Se eu disser a eles que ouvi isso de uma aventureira que foi capturada pela horda de um Rei Minotauro… Eles vão me perguntar quem diabos eu sou. Então devo manter o pedido do duque em segredo e revelar minha verdadeira identidade? Se eu explicar sem revelar quem eu sou… é provável que eles nem investiguem meu relato, então não terei escolha além de revelá-la, pensou Randolf. Não, se eu revelar minha identidade, provavelmente vão deduzir que estou agindo sob um pedido do Duque Alcrem. Afinal… eu só aceito pedidos de pessoas a quem fiquei devendo no passado e de seus descendentes. Nesse caso, pode haver alguns que façam a conexão com Juliana…
Se a verdade fosse revelada ao público, no pior cenário, o Duque Alcrem ficaria conhecido por ter usado Randolf “o Verdadeiro” para matar sua própria irmã mais nova, que havia se tornado um incômodo para ele.
Randolf também ficaria em apuros se passasse a ser visto como um assassino contratado por um duque. A simples ideia de pedidos semelhantes inundarem sua porta por parte de outros duques fazia-o querer se encolher e morrer.
Diante disso, ele simplesmente precisava recusar o pedido de Natania e matar ambas.
Agora que penso nisso, Natania sabe que Juliana é da família do duque. Sendo assim, não há escolha além de matá-la para sustentar a história pública de que Juliana morreu em batalha, percebeu Randolf.
Era por isso que ele não tinha opção além de matá-las, se priorizasse o pedido do duque. Isso teria sido verdade se Juliana tivesse sido capturada viva pelos Minotauros junto com suas subordinadas e depois morrido antes que Randolf a resgatasse, restando apenas suas subordinadas vivas.
E Natania estava dizendo que não queria morrer.
“Não há o que fazer,” disse Randolf, e então balançou sua espada.
Natania fechou os olhos com força. Mas não houve som de sangue espirrando no ar, então ela os abriu, confusa, momentos depois.
Randolf havia cortado o cabelo dourado de Juliana até ficar acima dos ombros. Ele também cortou a corrente do pingente com o brasão de sua família e colocou o pingente no bolso.
Depois de se certificar de que Juliana não tinha anéis ou algo parecido, ele se virou para Natania. “Não vou ajudar você. Não vou ajudar, mas posso levar você até a cidade mais próxima daqui… Não, membros da família do duque provavelmente estarão lá. Vou levar você até a Guilda dos Aventureiros em Morksi, a segunda cidade comercial mais próxima. Quando estiver lá, você pode virar prostituta, vender os filhos de Minotauro no estômago desta mulher para a Guilda dos Domadores, virar escrava ou fazer o que quiser para sobreviver,” ele disse.

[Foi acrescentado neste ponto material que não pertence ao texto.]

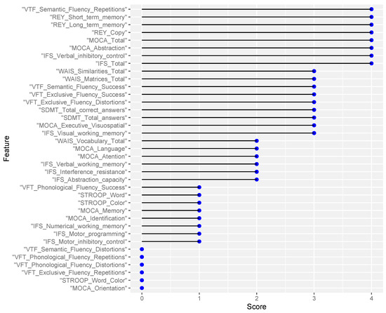 The dataset was built using the following cognitive instruments: Osterrieth Complex Figure; INECO Frontal Screening; Montreal Cognitive Assessment; Stroop Color-Word Test; WAIS; and Symbol Digit Modalities Test. The final dataset contains 138 observations and 39 features, as shown in Table 1.

Como Randolf havia selado as trompas do Rei Demônio, o desenvolvimento dos ovos de Minotauro implantados no corpo de Juliana havia diminuído. Ainda assim, cresceriam mais rápido do que um Minotauro comum. Embora não houvesse como saber quantos ovos havia, era improvável que nascessem antes de chegarem à cidade.
A Guilda dos Domadores não podia domar vários Minotauros, mas eles ainda eram monstros recém-nascidos de Rank 5. Provavelmente pagariam dez mil Baums por cada um.
“V-você vai nos poupar?!” exclamou Natania, olhando para Randolf.
“… Estou apenas jogando vocês para fora e deixando como estão. E se quiser sobreviver pelo menos um pouco, diga às pessoas que esta mulher é uma viajante ou aventureira de um grupo diferente do seu,” disse Randolf, tirando outro pano de sua Caixa de Itens e envolvendo o corpo de Juliana.
“C-certo!”
“Vamos nos teleportar para fora do Ninho do Diabo. Depois disso, levarei você até a cidade de Morksi e deixarei aos cuidados do primeiro aventureiro que eu vir. O que acontecer depois disso não me diz respeito. É só isso que farei. Depois, reze bastante para encontrar alguém de bom coração, diferente de mim.”
“Sim, isso já é—”
Sem esperar Natania terminar a frase, Randolf ativou um Item Mágico que teleportava o usuário para um local pré-determinado, e os três deixaram o covil dos Minotauros.